The Forex Trading Week Ahead

04/05/2010 11:31 am EST

Focus: FOREX

Brian Dolan

Chief Currency Strategist,

Generally positive data streams this past week, culminating in Friday's positive US jobs report (more detail below), sent risky assets higher (stocks, commodities, JPY crosses). In FX, USD/JPY continues to lead the way up, again following US Treasury yields higher, lending support to the JPY crosses and even the beleaguered euro and sterling via EUR/JPY and GBP/JPY. Friday's NFP report saw the USD bounce slightly into the end of the week, potentially signaling the end of the EUR and GBP recovery. Credit default swaps for Greece, Portugal, and Spain surged to recent highs this past week, just after the EU accord on Greece, which should serve as a reminder that EU credit concerns are still an issue. Overall, we continue to see the risk environment improving, and for further potential higher in USD/JPY and most JPY crosses. We think EUR and GBP will continue to lag, while AUD and CAD are likely to continue to lead, leaving the USD with a bit of a mixed picture against the majors.

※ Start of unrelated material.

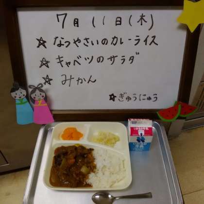 今日の給食は、夏野菜のカレーライス、キャベツのサラダ、みかん(かんづめ)、牛乳でした。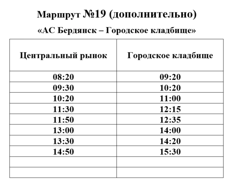 В поминальные дни, с 19 по 21 апреля, в Бердянске будет организовано движение автобусов по маршрутам №4-3, 4/19, 5/19, 10, 19, 21/19, 17-19.ЗАПОРОЖСКИЙ ТЕЛЕГРАФ

Increasing speculation that China will soon revalue the yuan is supportive for risk sentiment in the near term, at least until Chinese officials deny it. A yuan revaluation would be seen as supporting the global recovery by improving the export competitiveness of mired developed economies (think Japan or Germany), effectively spreading the wealth away from China somewhat.

While the near-term outlook is constructive for risk, many markets have reached potentially pivotal levels, so some consolidation seems likely. But many of the barriers to the upside are merely psychological and could be surmounted relatively easily. In US stocks, for example, the DJIA and S&P 500 are likely to test key 12,000 and 1200 levels this week, and a break above would be bullish for risk. In gold, prices stalled again below the 1125/1130 recent highs, maintaining the 1080/1130 recent range. WTI crude oil prices are above recent highs, but seem to be encountering some difficulty with the 85.00 level. USD/JPY is within striking distance of the pivotal 95.00 level, which may see option-related defensive selling. USD/JPY is currently well above the daily cloud (91.16-90.40), but is still inside the weekly Ichimoku cloud. The top of the weekly cloud falls to 94.77 next week, and a weekly close above would open the way to 97.70/98.00 in short order. Lastly, and perhaps most importantly, US ten-year yields are at recent highs (highest daily close 3.9455/highest high 4.0038 from June 2009) in the 3.95/4.00 area. While US rates will be moving higher eventually, markets are likely premature in pushing them up at the moment. Fed chair Bernanke will speak at a luncheon next Wednesday, and he may use the occasion to assure the markets that rates will not be moving any time soon. We will be alert for any sharp pullback in US Treasury yields with accompanying negative implications for USD/JPY.

NFP Constructive for US Outlook, But Choppy Seas Ahead

The March employment report confirmed that the trend in the US job market, and indeed the economy remains upward and onward. While the headline disappointed—printing 162K compared to the 184K market outlook—private payrolls were a robust 123K and many of the other internals of the report continue to point to further gains ahead. That said, the next three months will be exceptionally volatile as the census hiring ramps up in earnest.

Many of the leading indicators in the report suggest the employment gains will continue. Temporary help rose smartly, aggregate hours continued to expand, and the employment diffusion index soared. Temporary employment rose for the sixth consecutive month and has averaged gains of 52K over that span. This is what employers tend to add first, and this metric has been an exceptionally good indicator of future job growth. Aggregate hours, meanwhile, jumped to a 2.1% three-month annual rate from 0.7% and 0.9% the prior two months. Hours lead bodies in any recovery, and so this indicator is extremely constructive for the job market. The typically under-the-radar diffusion index jumped to 60% from 50% the previous month. This measures the percentage of private industries hiring, and it hit the highest level since April 2006, when the US economy was adding jobs at about a 250K clip. Much was made about the decline in average hourly earnings, which dipped -0.1% in March after a 0.2% increase previously. This looks like a function of the longer work week, and indeed, if we look at average weekly earnings, they actually rose 0.2% on the month back to January levels.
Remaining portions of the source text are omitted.